Input data:
****************

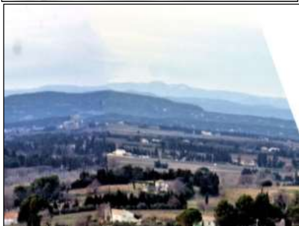
Comparaison entre le relief théorique et la réalité. En rouge, les cratères suc de Pal et suc de Beauzon
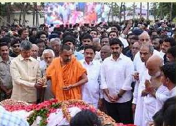
రామోజీ పాద మోక్షం వున్నాను. చంద్రబాబు
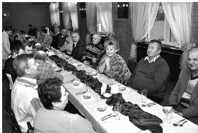
Zebranie walne Klubu Seniora
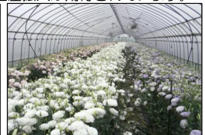
開花期のトルコギキョウ

****************

Problem description:
Restate the whole of the material word for word without the pictures.

Task response:
Comparaison entre le relief théorique et la réalité. En rouge, les cratères suc de Pal et suc de Beauzon
రామోజీ పాద మోక్షం వున్నాను. చంద్రబాబు
Zebranie walne Klubu Seniora
開花期のトルコギキョウ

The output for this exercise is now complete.